The apex court on Wednesday also asked the lawyers for CoC as to why the operational creditors should also be disadvantaged to possibly receive nothing if the purpose of Corporate Insolvency Resolution Process (CIRP) was “to resuscitate” the company instead of liquidating it.

“In case of liquidation, everyone stands in line and gets what they get. When the plan is to resuscitate, why is it that the operational creditor is given nothing? Why had the NCLAT been driven to interpret it in that way?” the two judge Bench observed.

The questions to the CoC by the SC on Wednesday came after the operational creditors submitted that changes to IBC had been approved by the government and passed by both the Lok Sabha and Rajya Sabha, but was only pending presidential nod. The government had in July cleared about seven changes to the IBC in which it had clarified that the commercial consideration and decision taken by the Committee of Creditors (CoC) would be taken into account when it came to distribution of funds as proposed by a resolution applicant in the resolution plan.
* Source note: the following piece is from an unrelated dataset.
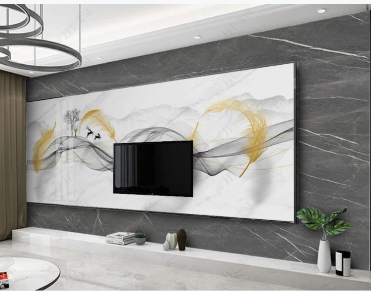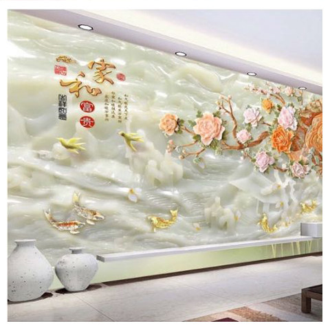 Modern Chinese TV sofa background wall home and rich living room rock board large board TV wall ceramic tile film and television wall
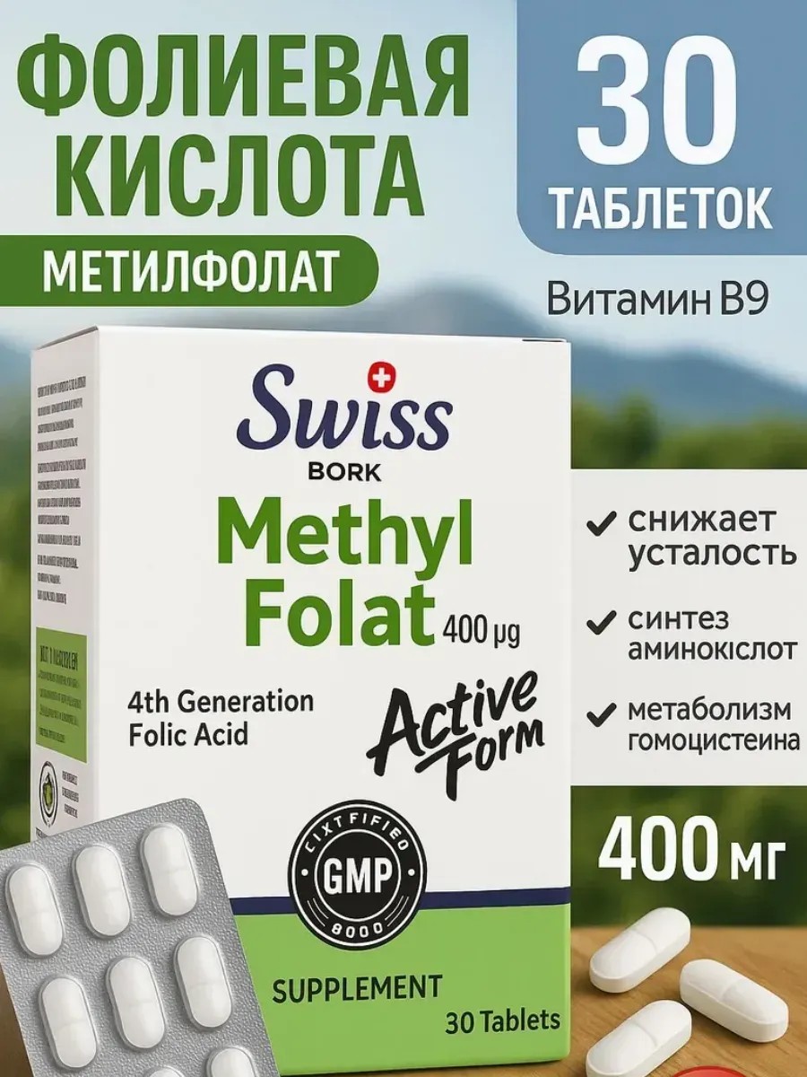 Активная форма фолиевой кислоты Swiss Bork - это высококачественный биологически активный комплекс, созданный для поддержки здоровья нервной системы и улучшения обмена веществ. Этот препарат служит отличным источником питательных веществ, необходимых для нормального функционирования организма.

Finance Minister Nirmala Sitharaman had on July 29 told the Rajya Sabha that the new changes to IBC had been brought to clarify the interpretation problems that had arisen due to the National Company Law Appellate Tribunal (NCLAT) ruling in Essar Steel insolvency case. The NCLAT interpretation, Sitharaman had then said “was trying to treat secured creditors, operational creditors at par”, which “defeated the purpose and also the spirit” of IBC.
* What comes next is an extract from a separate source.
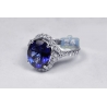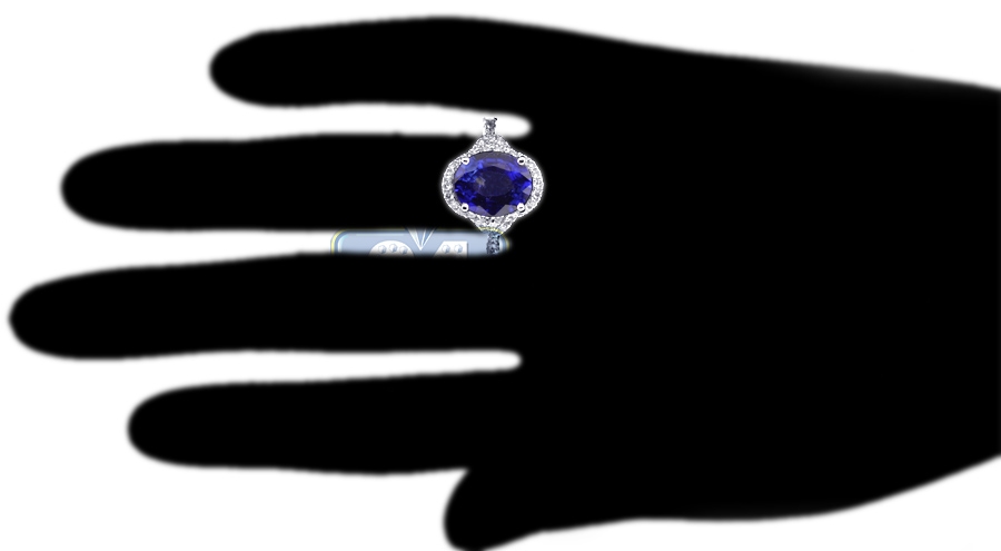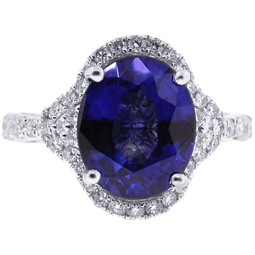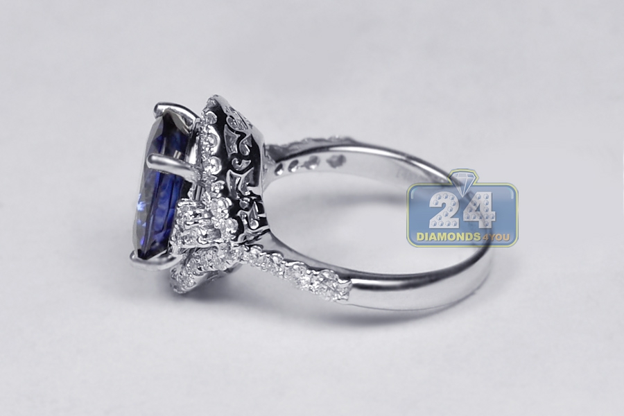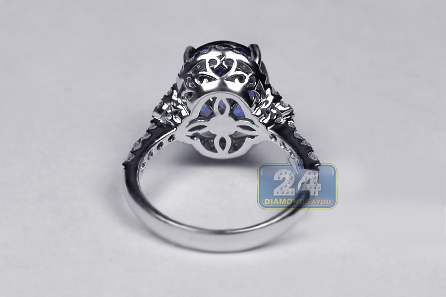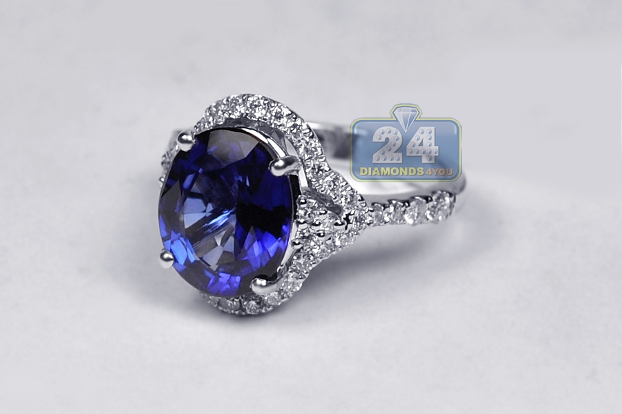 14K White Gold 6.25 ct Oval Sapphire Diamond Womens Ring

The NCLAT had on July 4, while clearing the resolution plan submitted by ArcelorMittal for Essar Steel, ruled that both the financial and operational creditors would get nearly 60 per cent of their claims. The earlier arrangement where the CoC comprising of financial creditors had decided that they would get nearly 90 per cent of their admitted claims and the operational creditors would get only 10 per cent of their claims, had been struck down by the NCLAT. Essar Steel’s financial creditors should not have distributed the amount among themselves by keeping the “maximum amount in favour of one or other financial creditors and minimum or NIL in favour of some other financial creditors or the operational creditors,” the NCLAT then said.

Aggrieved by the NCLAT judgment, the CoC has approached the apex court with a plea that appellate authority’s decision to equate financial creditors with operational creditors and disregarding the security interests of the former would lead to “severe plunge in recovery rate of banks and financial institutions” during the CIRP, which could lead them to “grave financial distress,” the CoC has said in its plea.

The Essar Steel insolvency case, which has been going on for more than 700 days now, has seen various rounds of litigation. Currently, Lakshmi Mittal owned ArcelorMittal is the only bidder. Its Rs 42,000 crore resolution plan has been accepted and approved by the CoC, the National Company Law Tribunal, as well as the NCLAT.